God has given us brains, so presumably He intends us to use them. There is a correct use of reason: to investigate the cultural background of the Bible, to make use of insights from science and archaeology, to judge between alternative interpretations, and to compare tricky passages with others that are more straightforward. “Let Scripture interpret Scripture” whenever possible. Most of the difficulties that we come across in our Bible reading can be resolved fairly easily. It may be that we are interpreting the passage too literally, or perhaps taking it out of context, or focusing on an irrelevant detail and missing the main point.
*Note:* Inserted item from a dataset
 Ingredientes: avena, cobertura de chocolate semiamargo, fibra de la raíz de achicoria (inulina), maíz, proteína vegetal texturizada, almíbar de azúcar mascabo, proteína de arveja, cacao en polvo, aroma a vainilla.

In some places, ambiguity may be intentional (in order to make us think!)
The role of experience
Our post-modern culture regards all truth as relative: what is ‘true’ for me may be different from what is ‘true’ for you. There is an element of truth in this, because what we see depends very much on where we are standing – a position which is the product of our culture, education and lifetime experiences. For example, Africans and Europeans reading the same Scripture passage will get quite different messages from it. And so there are many different ways of understanding the Bible: ‘liberation’ theology, ‘feminist’ theology, ‘black’ theology, to name but a few. They can offer valuable insights, but none of them should be regarded as the only ‘true’ way of understanding Scripture. And white, Anglo-Saxon Protestant male theologians don’t have a monopoly on truth either!
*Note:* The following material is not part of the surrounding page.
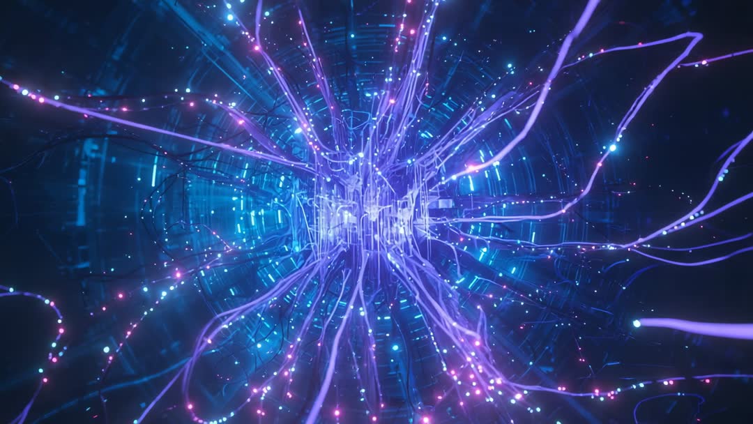 AI Generated Image. Captures vibrant scene of glowing strands and pulsating core representing digital connections and innovation. Useful for showcasing advancements in technology, AI, or network infrastructure. Ideal for presentations, tech blogs, and concept illustrations.
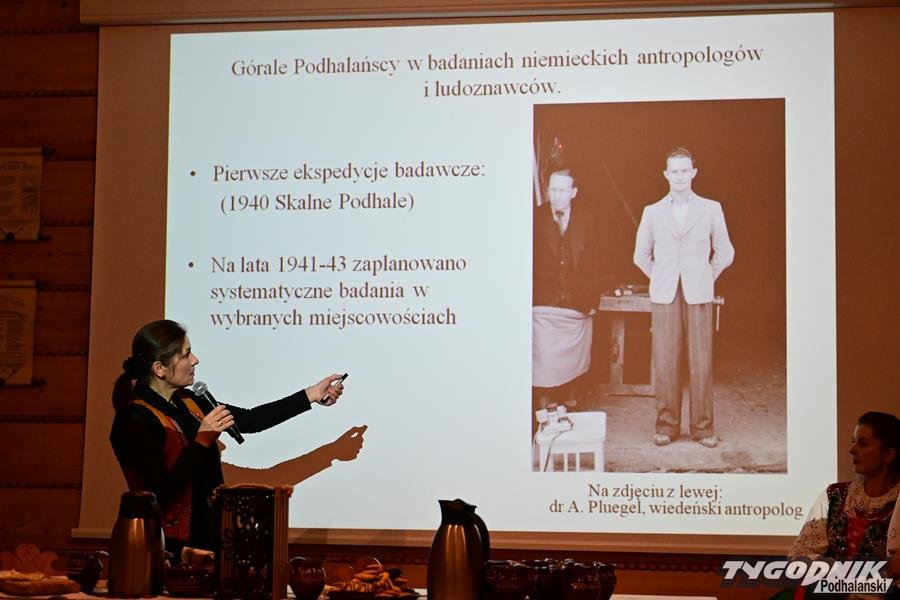 O szczegółach tych długo nieujawnionych działań niemieckiego okupanta względem podhalańskiej ludności, a zwłaszcza względem mieszkańców Szaflar, w piątek 29 listopada opowiedziała członkom i sympatykom Związku Podhalan oddział w Nowym Targu dr hab. Stanisława Trebunia-Staszel. Spotkanie odbyło się w izbie regionalnej Miejskiego Centrum Kultury w Nowym Targu i dostarczyło słuchaczom wielu skrajnych emocji. - Zastanawialiśmy się z prezesem Wojciechem Groniem, jaki temat poruszyć na tych posiadach - stroju, obrzędów, a może dziedzictwa Karpat, jednak dygresja ciążyła nam w stronę mojego projektu badawczego z lat 2014-2016, dotyczącego niemieckiego Institut für Deutsche Ostarbeit, czyli jednostki prowadzącej badania rasowe i antropologiczne w wybranych miejscowościach Generalnej Guberni, zwłaszcza Podhala - przybliżyła etymologię tematu dr hab. Stanisława Trebunia-Staszel.

While it is inevitable that we read the Bible through the lens of personal experience, it is all too easy to assume that our own viewpoint ‘must’ be the right one! We all believe that we possess unclouded, unbiased judgement – and we are all wrong!. We can’t help carrying our own cultural, intellectual and personal ‘baggage’, but we can be aware of our own presuppositions and prejudices and of how they might affect our understanding. Rather than imposing them on Scripture, we should allow Scripture to challenge them. It is useful to listen to other people (especially those from other cultures, other church traditions, and other periods in history), in order to broaden our perspective. “Two heads are better than one, not because either is infallible, but because they are unlikely to go wrong in the same direction.” (C S Lewis: On the Reading of Old Books) This is why it is best to study the Bible with other Christians, and not just on our own.